1. The decree-holder applied for execution, on the 15th February 1896, of his decree which was more than a year old.

2. It was necessary to issue notice under Section 248, Civil Procedure Code of 1882. We have now ascertained that no notice was issued and an order for attachment was made on the 19th March 1896. The present application for the transmission of the decree for execution after substituting the appellant's name as transferee on record was made within 12 years from the date of the order. The question whether the application is barred depends upon the meaning to be given It the word 'revived' in Article 180, Schedule II of the Limitation Act. In all the cases cited an order to issue execution after notice to the judgment-debtor has been held to revive a judgment or decree. But we have not been referred to any case in which an order alone without any notice has been held to have that effect. The appellant's pleader argues that the absence of notice under Section 248 of the Code of Civil Procedure of 1882 has been held to be only an irregularity and though it may be open to the judgment-debtor to set aside the order passed without notice in an appropriate proceeding, it is not open to him to treat it as a nullity till set aside. See Malkarjun v. Narhari 27 I.A. 216. This may be so.

3. But the question that we have to consider is, what is the meaning of the term 'revived' and when the cases show that it has long been understood to mean an order after notice, we do not think we shall be warranted in giving that term a wider meaning. We must, therefore, uphold the order of the learned Judge and hold there was no revivor.

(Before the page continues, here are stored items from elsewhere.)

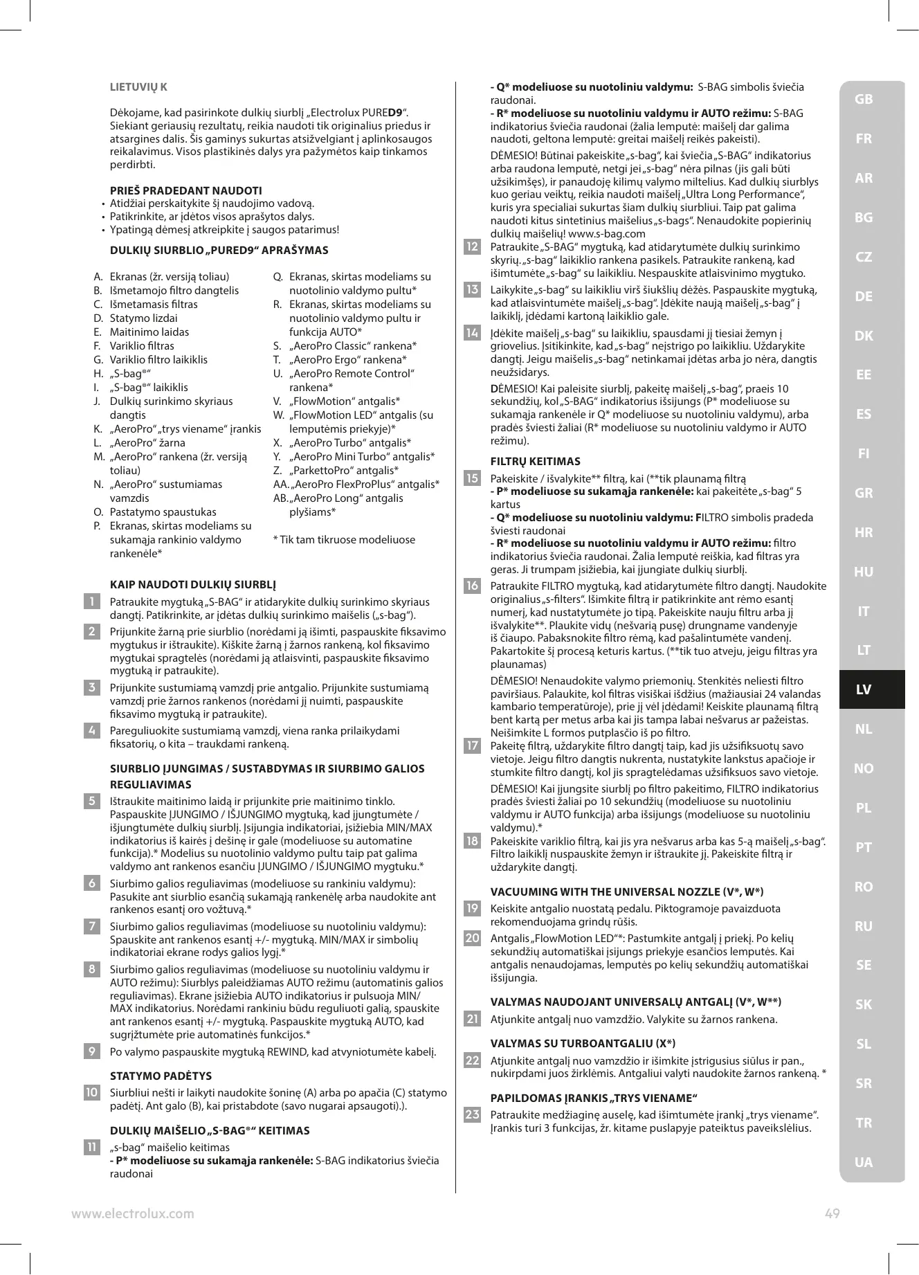 LIETUVIŲ K Dėkojame, kad pasirinkote dulkių siurblį „Electrolux PURED9“. Siekiant geriausių rezultatų, reikia naudoti tik originalius priedus ir atsargines dalis. Šis gaminys sukurtas atsižvelgiant į aplinkosaugos reikalavimus. Visos plastikinės dalys yra pažymėtos kaip tinkamos perdirbti.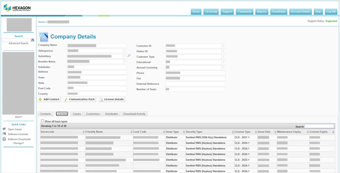 Open Hexagon Customer Portal Licence Details: In your web browser, open the Hexagon website: https://customers.ps.hexagonmi.com/ and Log In to your account.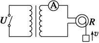 8.(烟台市2008届第一学期期末考)如图所示,一理想变压器原、副线圈的匝数比为n:1. 原线圈接正弦交变电压U,副线圈接有一个交流电流表和一个电动机. 电动机线圈电阻为R,当变压器的输入端接通电源后,电流表的示数为I,电动机带动一质量为m的重物以速度v匀速上升,则下列判断正确的是 ( D )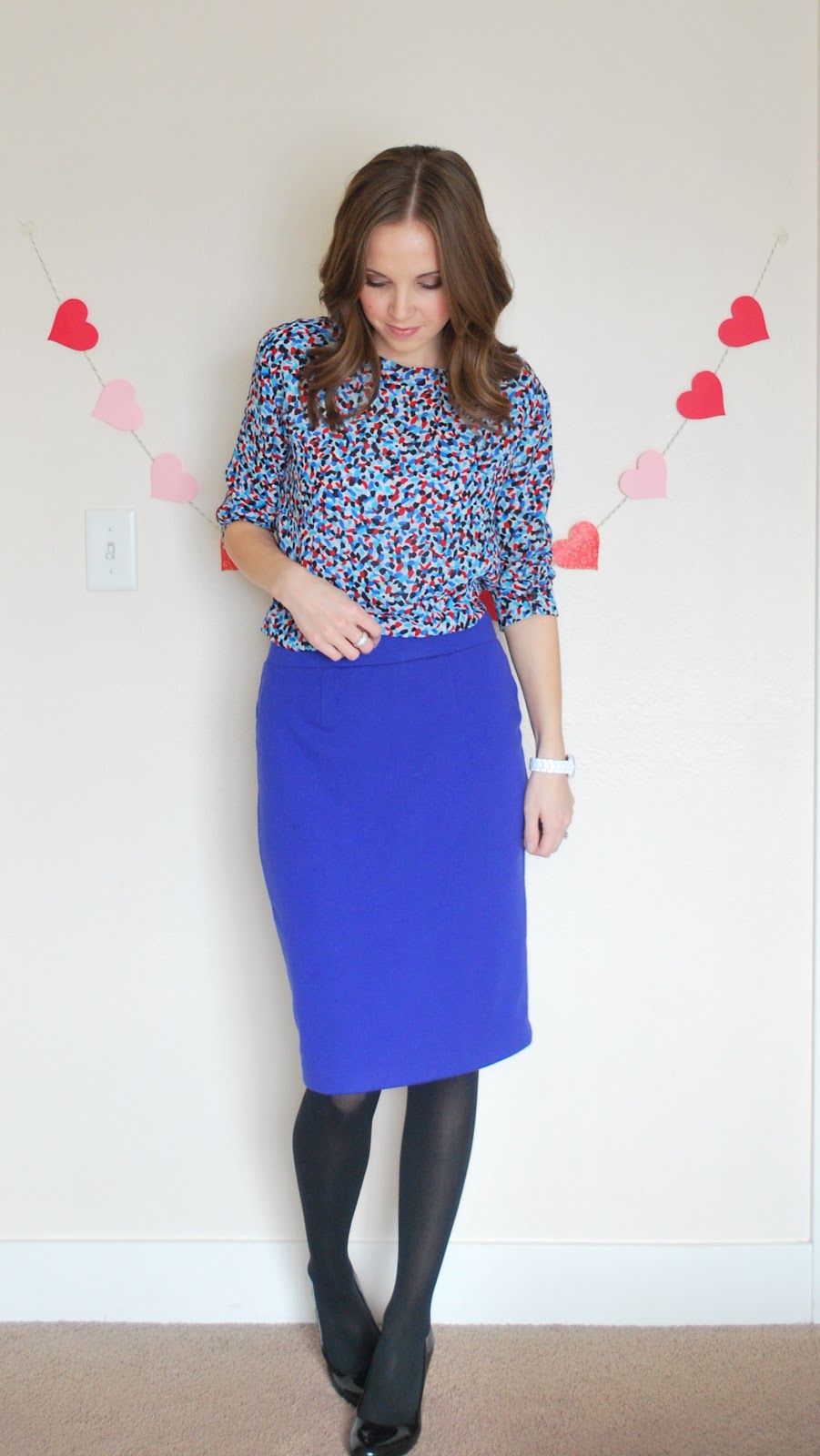 pencil skirt: target (recent, but can’t find online), tights: can’t remember, black heels: target (shop), Valentine’s banner: made by Peanut and me

4. It was then argued that as there is an application now pending to execute the decree, the question of limitation does not arise. This question was not raised before the learned Judge, probably for the reason that the present application was to transmit the decree for execution and not to continue any execution proceedings already pending. The appellant must be left to make a fresh application on that basis and cannot be allowed to raise that question at this stage on this application.

5. The appeal is dismissed with costs.